Which is great, if you want to do it! But don’t feel like you have to, which is a pretty good way to approach literally anything, sexual or otherwise. (Except maybe, like, paying your electric bill.)

There are some things that a lot of men like during blow jays that you might not be so into, because porn. Gagging on a penis, choking on come, watering eyes, general discomfort. Not something most women spend all day looking forward to, but guys like it. Again: There is no need if you don’t want to. It’s your mouth, after all, unless you happen to be a dude who is somehow sucking his own dick.

But there is one trick from porn that is actually sort of useful to you, if you are on a surface that doesn’t need to stay clean. Some adult actresses do this thing where they sort of pretend to swallow but actually sort of dribble all of it out of their mouth rather than having to do so. Gross? Yep. Effective in a pinch? Totally.

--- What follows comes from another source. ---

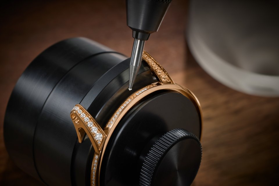 しかし、美しさという点ではダイヤルが主役です。ゴールドケースにフルセットされているのは、選び抜かれた134個のダイヤモンドと399個のサファイア(約2.05カラット)。ブルーまたはピンクのグラデーションカラーで、手首を動かすたびに光を捉えて美しく輝きます。ブリリアントカットのジェムストーンは2種類のサイズにカットされています。一つは0.85mmから0.90mm、もう一つは0.90mmから1mmのサイズで、そこから生まれるイレギュラーな効果の中にカラーが調和し、タイムピースを魅力的に仕上げています。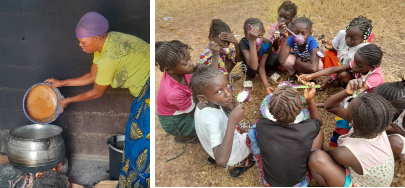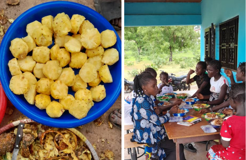 Ähnlich wie in einem Ferienlager und vor allem, um gut zu lernen, gibt es nichts Besseres als einen vollen Bauch. Sie nehmen ihre Mahlzeiten morgens, mittags und abends gemeinsam ein. Um dieses Camp zu bereichern, haben wir Baguette, gesüßte Kondensmilch und Brotaufstrich am Morgen, Sardinen und hartgekochte Eier, um die Eintönigkeit von Reis und Soße am Mittag zu durchbrechen, und Brei für das Abendessen vorgesehen. Natürlich gibt es auch Erdnüsse und Obst der Saison für die Pausen nach zehn und vier Stunden!

You could also avoid getting it in your mouth entirely and, just before he comes, aim it somewhere more convenient, like onto a towel, your tits, or a nutrient-starved flower bed.

But if you are champing it out, you won’t have a lot of time to make the spitting vs. swallowing verdict on the spot. Guys will generally warn you when they’re about to come (“I’m gonna come.”) but it is usually about 0.2 seconds before they do. It is really best if you made the call well beforehand. When Robert Frost wrote the line, “Two roads diverged in a … wood,” he was definitely referring to the decision you have to make when a guy is about to bust a nut in your mouth. Because that poem is about blow jobs.

Spitting requires a tissue or paper towel nearby, not to mention sleight of hand if you are, for some reason, trying to hide the fact that you are spitting it out. Hence why magicians are probably awesome at BJ etiquette. Running right to the bathroom afterward to spit it out can be awkward, and maybe even a little offensive, if you care about him enough for that to matter. (If a guy ran to brush his teeth or spit into the sink right after going down on you, would you be offended?)

Swallowing is your only other option, unless you’re the Thomas Edison of post-blow job semen disposal. Swallowing can be weirdly romantic — not to mention hot — if you’re really into the guy. You can never really predict what the taste will be like, since it varies from guy to guy and depends on health, diet, etc. In my experience, it generally falls on a scale from “Nothing?” to “Sorta sour but not awful” to “Pennies!” (I know! Pennies! Weird.)

It has 20 calories per teaspoon, if that’s a thing that matters to you. It probably shouldn’t matter though.

(Fun fact: OG Cosmo girl Helen Gurley Brown preferred facials, according to her memoir I’m Wild Again: “Spread semen over your face, [it’s] probably full of protein as sperm can eventually become babies. Makes a fine mask — and he’ll be pleased.” Daaaaamn, Helen.)

One cardinal rule though. No matter whether you spit it out, swallow it, carbonate it in a Soda Stream, or freeze it into ice cubes — if he won’t kiss you afterward, fuck that.